When I fall my body feels
Like it is filled
with crawling eyes.


Constellations: My Family of Stars
Collaborative Poem by Herrera Elementary School Students

My family is like ants,
they are always together.
My family is like humans and oxygen,
they can’t live without each other.
My family is awkward
like a pack of crazy psychos
escaped from a crazy home.
At night my family
is like a family of deer
sleeping in the warm night,
the sounds of beautiful clear water
dripping on the leaves of trees.
My family is like a bunch of white doves,
like a rainbow in the sky
We fell like raindrops.
My family is a herd of deer
on a slumped path.
My family is similar to airplanes
coming together at one airport.
My family is like an empty circle,
like four tires and one pops, the flat
tire is empty and the three others are full.
My family is close as a sock and a shoe,
like good friends, a pair, a set.
My family is tight like a knot,
tight as the books on the library shelves.
They are sharks with sharks, fish with fish.
My family is tight as branches on a tree.
The tree has many leaves
because I have a big family.
When birds nest, it’s like a new family
in my family.

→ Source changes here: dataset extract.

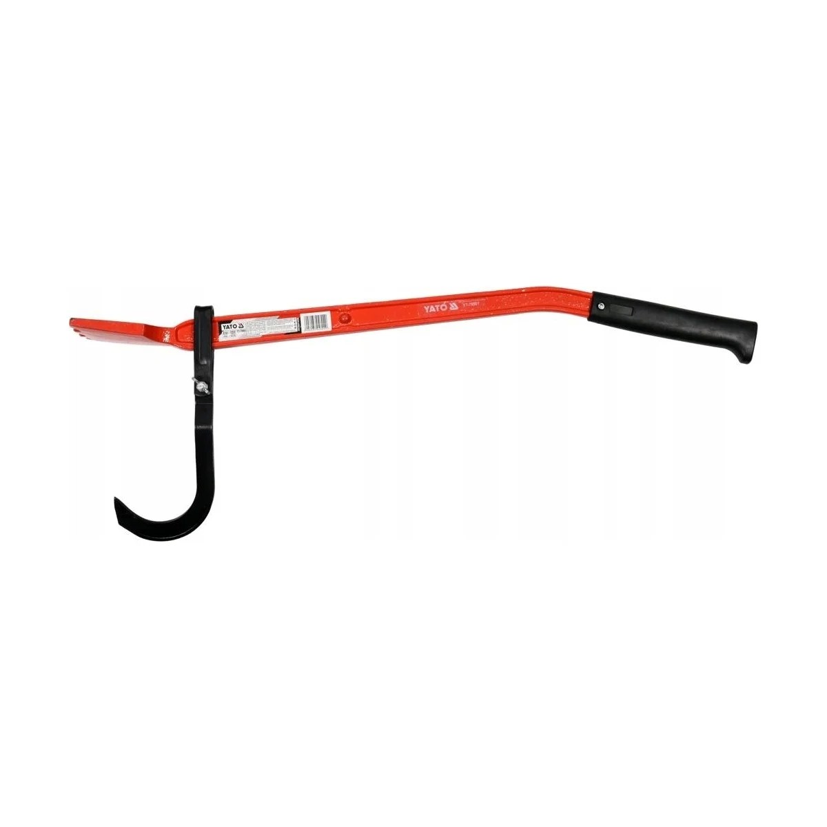 Рычаг с крюком используется для подъема и перемещения бревен, длина 830 мм. Изготовлен из кованой стали, поверхность лакированная. Рычаг заканчивается большим колеблющимся стальным крюком длиной 200 мм. Ручка покрыта пластиком, ширина рабочей части 90 мм, средняя толщина 14 мм. Применяется для перемещения бревен в лесных и садовых работах.
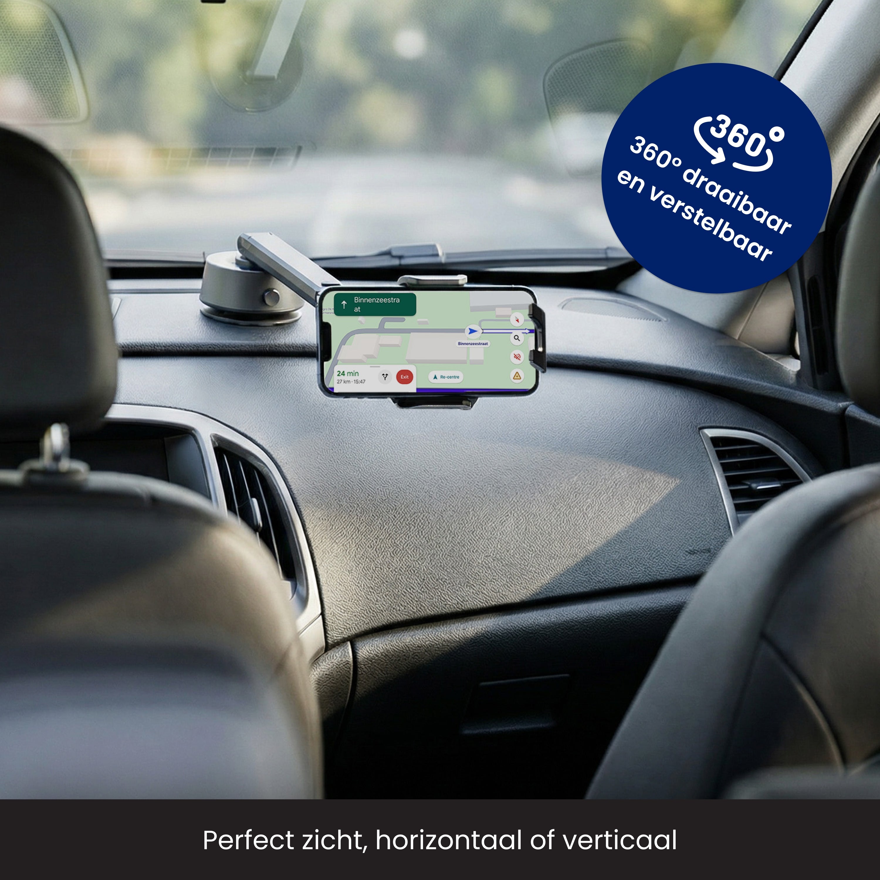 Of je de houder nu op het raam of dashboard plaatst, je bepaalt zelf de ideale kijkhoek. De telescopische arm is volledig 360 graden draaibaar en verstelbaar in lengte en hoogte, zodat je het scherm altijd goed kunt zien. Daarnaast kun je de houder zelf ook 360 graden draaien, zodat je de telefoon zowel verticaal als horizontaal kunt gebruiken. Ideaal voor navigeren, bellen of muziek luisteren onderweg.

When it’s fall,
the leaves never fall.
My family is leaves scattered
by the wind. My family
is always in different places
My family is tight like a knot
you can’t untie, like the knot on my shoes.


Comet
By Irma Rodriguez

My hands are dissolving and I feel hot.
Soon I become fire of all kinds of color.
I feel like fire, I feel like I am traveling really
really fast. I soon notice that I can’t smell
and I don’t get hungry. Soon nobody
is looking at me or talking to me. I’m nothing.